A hand steadied him.
Looking up, he met a stunned face: a gray monk's robe, shaved head, around forty, jaw still slack, frozen as if he'd seen a ghost.
From the corridor a voice called, "Brother Zhiming, is Xuan Zang awake?"
The monk named Zhiming turned, his throat twitching. "…Awake."
Tang Xuan ignored the chatter, his eyes scanning the room like a scanner. Earthen walls, wooden beams, mortise‑and‑tenon joints—no modern screws. The windows were paper‑covered, letting in less than thirty percent of light, no glass.
The monk's clothing was coarse, made of natural low‑count hemp, with absolutely no synthetic fibers. The pronunciation of "Xuan Zang" outside had a distinct Middle‑Chinese retroflex, nothing like modern Mandarin.
Tang Dynasty? He ran the pattern matching in his head and concluded early Tang was the most probable era.
All the details pointed to a single absurd inference.
Am I time‑traveling?
A cold laugh echoed in his mind.
What a joke—he's not a sci‑fi protagonist. This violates the second law of thermodynamics and General Relativity's curvature constraints. He closed his eyes, desperately trying to fit the phenomenon into a physics model.
Strong magnetic fields from an MRI overlapping high‑frequency sunspot energy? Gamma‑ray overdose? A wormhole? Or perhaps his consciousness wavefunction had undergone macroscopic quantum tunnelling?
His brain fired at full speed. After a minute:
Can't compute. Insufficient data.
He abandoned the futile calculations. If he was stuck here, he might as well enjoy the "new chassis"—full‑duplex, zero‑latency communication. Experiencing a fresh meat‑shell was better than anything else.
He opened his eyes again.
The voice outside the corridor paused, sensing something off.
Tang Xuan glanced at the bewildered Zhiming, noting the monk's urgent yet superstitious demeanor—a useful flaw. Ancient thinkers left gaps in their worldview; give them a divine cue and they'll patch the logic themselves.
He took two seconds to frame his words, using the most steady, almost reverent tone a five‑year‑old body could manage: "I…just dreamed of a bodhisattva."
Zhiming leaned forward an inch. "What did the bodhisattva say?"
Tang Xuan paused, eyes neutral. "The bodhisattva said, 'This calamity is over. Do not worry.'"
Silence settled in the room. Stable. He completed his mental assessment—ready to wield a "dimensional‑reduction strike" on these antiquated minds.
Zhiming brought a bowl of plain congee and left.
Tang Xuan lifted the bowl, took a sip. Plain rice water—no salt, no seasoning.

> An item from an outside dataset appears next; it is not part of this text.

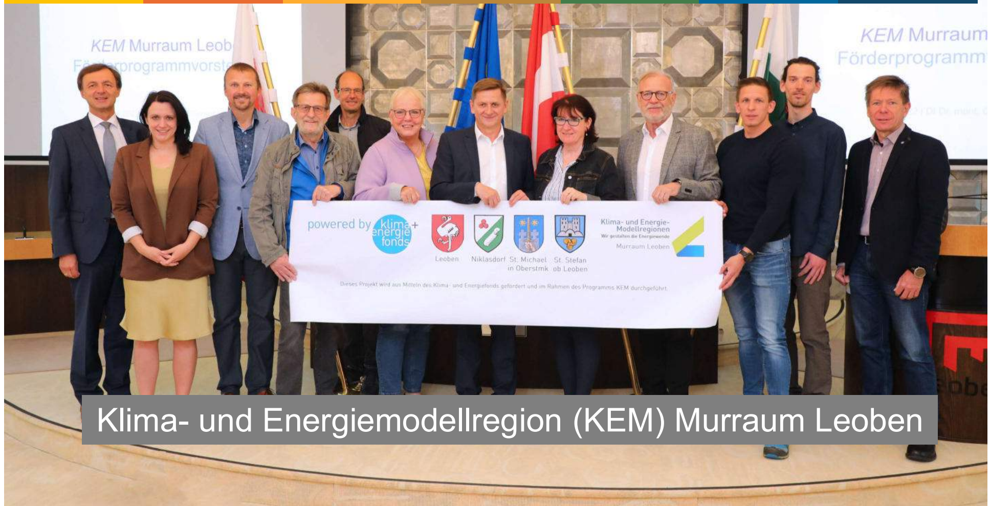
Klima- und Energiemodellregion (KEM) Murraum Leoben

He lingered for nearly four seconds, fully aware:
I am drinking. The bowl's warmth, its texture, the gravitational pull as the liquid passed his throat. He drained the congee, set the bowl down, and stared again at the wooden beams overhead. Fifteen years. He had waited fifteen years. Even in this backward era, as long as he could move, he felt godlike.
He began scheming: Step 1—adapt to the language of this time; Step 2—train this body properly…
When he was formulating step 7, a faint disturbance rose from the deepest recess of his new vessel—like a distant whisper carried away by wind, leaving only a trembling, tear‑stained frequency.
Tang Xuan opened his eyes.
It seemed the body had previously housed someone else, and the former tenant hadn't quite moved out.
A sparrow flapped its wings and vanished outside.
Maybe it's tinnitus, he rationalized, closing his eyes to continue planning.
The sob‑like tone lingered in an indiscernible void until it finally faded. He pretended not to hear it.